Впервые Льва Гумилева взяли в 33-м. Но сразу же выпустили. Анна Андреевна на радостях даже позволила себе поездку в Москву. К Осипу Мандельштаму и его жене Надежде Яковлевне на новоселье и словно бы принесла в этот дом беду: в ночь ее приезда в Москву О.Э. Мандельштама арестовали. Позднее Анна Ахматова скажет об этом своем свойстве так: «А я иду – за мной беда…»

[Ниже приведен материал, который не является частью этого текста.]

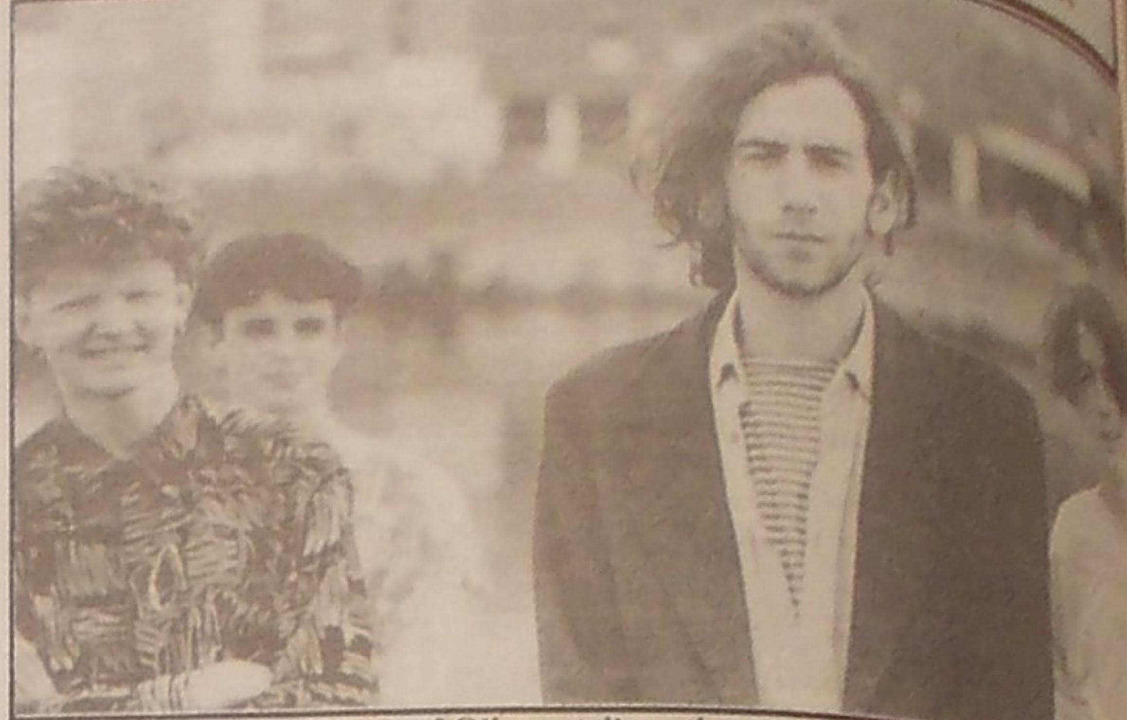
A Touch of Oliver strike a time honoured U2 pose!

This also seems like an opportune moment to put The Cranberries latest four track tape through the mincer. Blessed with a lead singer who's capable of melting even an Eskimo's heart, the fruity ones have been building up a sizable following with their hauntingly atmospheric doodlings which sound like a blissful union between The Cure and The Sundays. Part the attraction is their youthful innocence, The Cranberries give the impression they're only just beginning to discover what life's all about and Dolores' endearingly naive lyrics are enough to bring a tear to the eye of an old fart like me who waved farewell to his teens when she was still at primary. 'Nothing Left At All' kicks things off, a thoughtful song very much in the 'Linger' vein with seductively effective multi-tracked vocals, delicate guitarwork and rumbling feedback courtesy of producer Pearse Gilmore. Pearse also makes a guest appearance on 'Pathetic Senses', the interplay between himself and
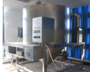
fermentation engineering experimental platform
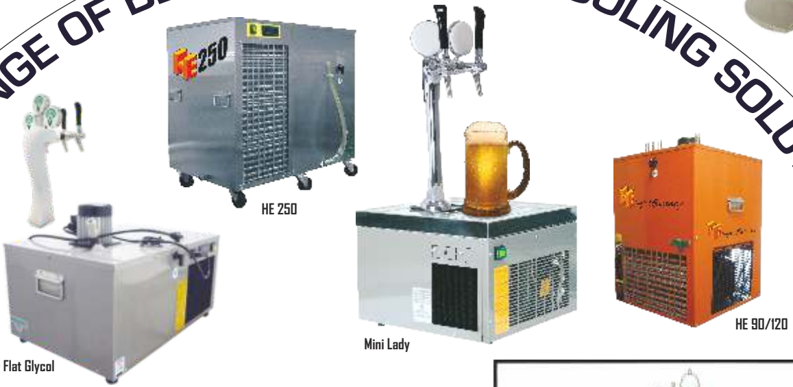
Super Flat Glycol
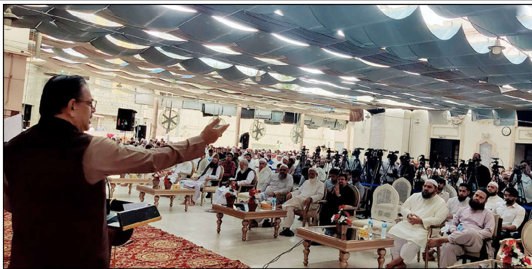
KARACHI: Caretaker Federal Minister for Religious Affairs and Interfaith Harmony Aneeq Ahmed addresses to teachers, students at Jamia Banoria Almia.
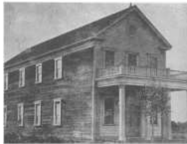
Bakersfield Town Hall
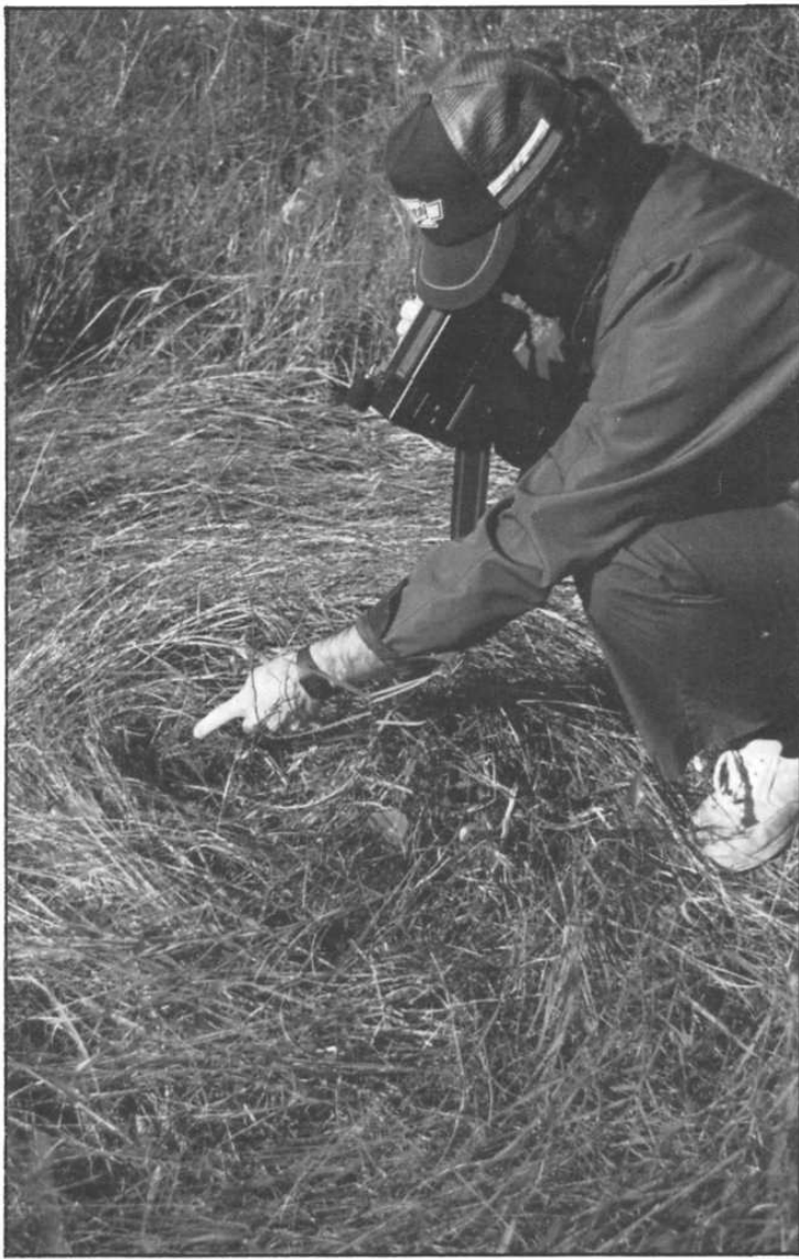
Ed Walters examining central whorl (photo by Duane Cooke, Editor "GULF BREEZE SENTINEL").

13 мая 1934 года… после града телеграмм и телефонных звонков, я приехала к Мандельштамам из Ленинграда… Мы все были тогда такими бедными, что, для того чтобы купить билет обратно, я взяла с собой… статуэтку (работы Данько, мой портрет 1924 г.) для продажи. <…> Ордер на арест был подписан самим Ягодой. Обыск продолжался всю ночь. Искали стихи, ходили по выброшенным из сундучка рукописям. Мы все сидели в одной комнате. Было очень тихо. За стеной у Кирсанова играла гавайская гитара. Следователь при мне нашел «Волка»[35] и показал О. Э. Он молча кивнул. Прощаясь, поцеловал меня. Его увезли в семь утра.
Было совсем светло…
Навестить Надю из мужчин пришел один Перец Маркиш…
Женщин приходило много. Мне запомнилось, что они были красивые и очень нарядные, в свежих весенних платьях: еще не тронутая бедствиями Сима Нарбут[36], красавица, «пленная турчанка», как мы ее прозвали, – жена Зенкевича; ясноокая, стройная и необыкновенно спокойная Нина Ольшевская[37]. А мы с Надей сидели в мятых вязанках, желтые и одеревеневшие…
В феврале 1936 года я была у Мандельштамов в Воронеже… Поразительно, что простор, широта, глубокое дыхание появилось в стихах Мандельштама именно в Воронеже, когда он был совсем не свободен.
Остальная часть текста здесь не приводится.